İnsan bedenindeki hücrelerin bağışıklık reaksiyonu verip, virüse karşı savunma yapabilmesi için gereken proteinlerin üretebilmesini sağlamak için, virüse ilişkin genetik bilgilerin hücrelere taşınmasına dayanan mRNA aşıları, biyoteknoloji alanında yaşanan atılımlara yalnızca bir örnektir. Genom üzerinde değişiklik yapabilme, DNA dizilimini düzenleme ve değiştirme imkanı sunan CRISPR teknolojisinin daha yaygın biçimde kullanılmasıyla, çeşitli kanser cinslerinden bugün şimdi tedavisi bulunmamış birçok ender hastalığın tedavisinde değerli ilerlemeler kaydedilebileceğine inanıyoruz. Hem dünyada hem ülkemizde biyoteknolojik ilaç pazarı süratle büyüyor. Kimyasal ilaçlarla tedavi edilemeyen hastalıklar artık biyoteknolojik ilaçlarla tedavi edilir hale geldi. Gerçekten bu eserlerin dünya ilaç pazarındaki hissesi yüzde 30’lara ulaşmış durumda.
Türkiye biyoteknolojik ilaç pazarının hissesi 2020 yılında yüzde 25 düzeyine ulaştı. Firmalarımız biyoteknoloji alanına önemli yatırımlar yapıyor.
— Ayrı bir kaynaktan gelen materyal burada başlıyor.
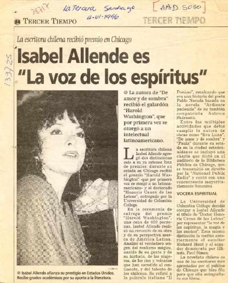 Isabel Allende es "La voz de los espíritus" [artículo].
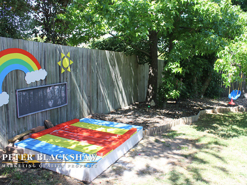 – Fully enclosed easy care garden with established trees,shrubs and hedges, and includes raised vegetable garden beds which currently provide an abundance of organic seasonal produce. Shady trees and under-deck paved area, also currently has sandpit suitable for small children.

Bu eserleri üretebilmek için ağır halde teknoloji transferi, know-how ve insan kaynağı yatırımı yapıyoruz. Dünyanın önde gelen biyoteknoloji firmaları ile stratejik iştirakler kuruyoruz. 2020 yılında Türkiye’de 23.6 milyar TL’ye satılan ithal ilacın 8.1 milyar TL’lik kısmı biyoteknolojik ilaçlardır. Biyoteknolojik ilaçların tamamına yakınını ithal ediyoruz. Bu model ülkemiz için sürdürülebilir değildir. Biyoteknolojik ilaçları ülkemizde üretmemiz, ithalatımızı azaltacağı üzere ihracatımızı da artıracak ve cari açık üzerinde çift istikametli olumlu tesir yaratacaktır. Üstelik katma kıymeti çok daha yüksek olan bu eserlerin ihracatıyla ülkemizin katma pahalı ihracat gayesine de büyük katkı sağlamış olacağız. Ortalama kilo bedeli 1.4 dolar olan ülkemiz ihracatına, kilo ihraç kıymeti 1000 doların üzerinde olan biyoteknolojik eserleri eklemek en büyük dileğimiz.